Was it the mania? Was it the cocaine? Who knows? But one thing we know for certain, Andy's word counts for nothing. He's been a con artist all his life, and in true con artist fashion, he has never taken responsibility for his actions. Rather, he is an expert in reframing events to cast himself as the hero: first for disclosing his illness in Electroboy, and now for blowing the whistle on Pharma ...
He also relishes the victim role: first as a puppet at the mercy of his alleged mania, and now as the puppet caught in an evil Pharma conspiracy.
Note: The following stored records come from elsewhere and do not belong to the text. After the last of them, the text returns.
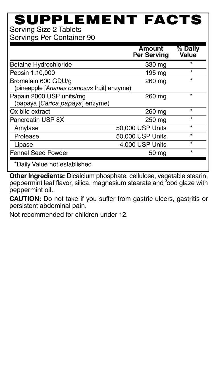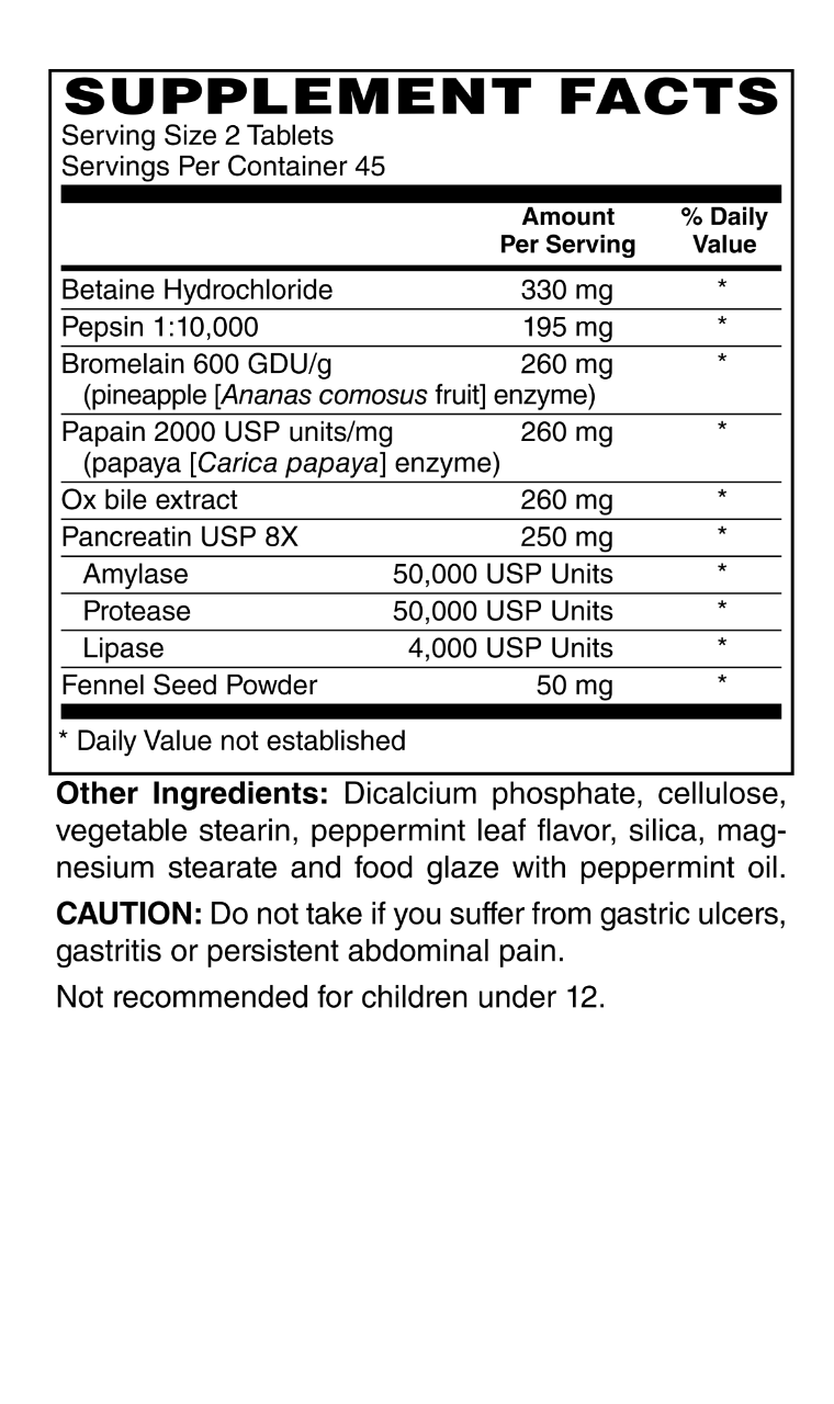 - Provides pepsin, bromelain and papain to help support protein digestion.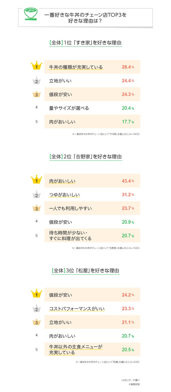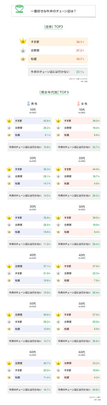 このたびLINEリサーチでは、日本全国の男女を対象に、一番好きな牛丼のチェーン店やそのチェーン店を好きな理由について調査しましたので、その結果をお知らせいたします。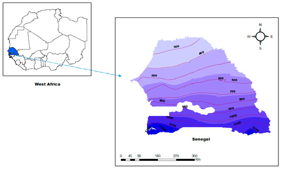 Senegal country (blue) in West Africa. Red lines are isohyets and numbers are their corresponding values in mm.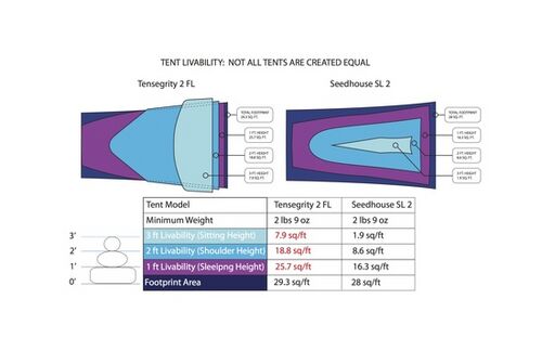 The Sierra Designs Tensegrity comes in a 1 Elite version (1lb, 10oz; 17.1 sq ft interior) and 2 Elite version (2lb, 2oz; 29.3 sq ft interior). The tents are also available in two beefier (Feather Light) versions featuring a 30D nylon ripstop floor, 20D polyester ripstop body, and seam taping throughout—the Tensegrity 1 FL (1lb, 15oz; 17.1 sq ft interior) and the Tensegrity 2 FL (2lb, 8oz; 29.3 sq ft interior). The FL build uses 30D floors and 20D Flys with a 1800mm (fly)/3000mm (floor) PU coatings, fully taped. The ELITE versions use 20D nylon impregnated with Silicone (1400mm (fly) /3000mm (floor) and are not taped. The ELITE tents do not meet CPAI-84 fire retardancy standards and will not be available in states that enforce that standard. They also require user seam sealing. But they also have 4 times the tear resistance, dramatically improved UV resistance, and by eliminating urethane and the associated toxic FR chemicals, they eliminate the main fabric failure point and will truly last a lifetime with normal care.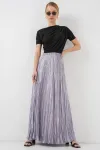 Kadın Uzun Kırışık Parlak Etek 8034 - Zümrüt Yeşili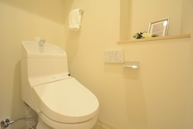 収納力もある手洗いキャビネットも設置されていて充実したトイレです。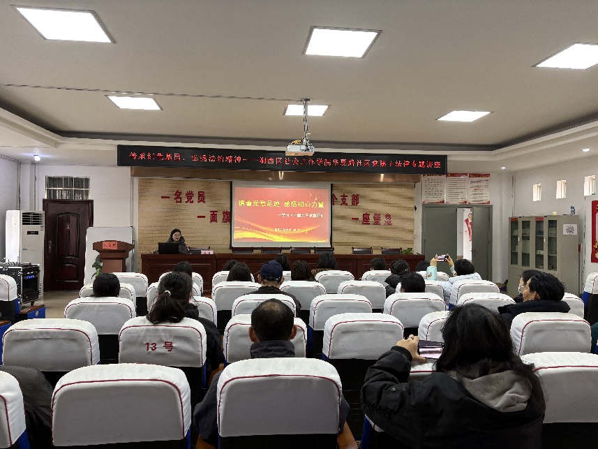 为深入传承红色基因,筑牢法治思想根基,12月19日上午,我校骨干教师崔岩、郑延培走进涧西区社会工作学院华夏路社区,开展红色教育暨法律知识普及讲座活动,吸引了众多辖区居民参与。 活动现场,崔岩老师首先以《循着党章足迹 感悟初心力量》为题开展红色教育讲座。讲座中,崔老师围绕党章的发展历程、核心要义与时代价值展开,结合党的百年奋斗历程中的典型事例,生动阐释了党章作为党的总章程的重要意义,深入解读了党章中蕴含的初心使命与责任担当。通过梳理党章在不同历史时期的修订与完善,带领在场社区工作人员与社区居民重温了党的光辉历程,感受了革命先辈们坚守信仰、践行初心的崇高精神,进一步深化了大家对党的理论与路线方针的理解,坚定了听党话、跟党走的信念。

In true con artist fashion, Andy views people as marks, easy targets: First, all those he defrauded in his life as a Manhattanite on the make. Then a patient community looking for a bipolar hero. Then a low IQ drug company with money to burn together with a patient community that trusted Pharma. And, last but not least, a patient community that has turned on Pharma.
Finally, in true con artist fashion, Andy shows no remorse for his true victims, the people who believed him. "No side effects ... Abilify kills." How many patients have been harmed as a result? First those who never should have gone on Abilify. Now those who never should go off.
I wish I could say we have seen the last of Andy, but he happens to be a brilliant self-promoter. I'm sure his book will be a best-seller and that his "Electroboy" movie proposal - the one he's been telling us for the last five years is about to go into production any month now - will finally get green-lighted.
Ironically, we inherited both Andy and Abilify from Pat Risser's generation. Had our community actually been blessed with smart advocates - like those AIDS heroes who demanded and got serious funding - we might actually have much better treatments right now.
Enough. Time to start packing. Tomorrow, I'll be in San Francisco listening to smart people. It can't come soon enough.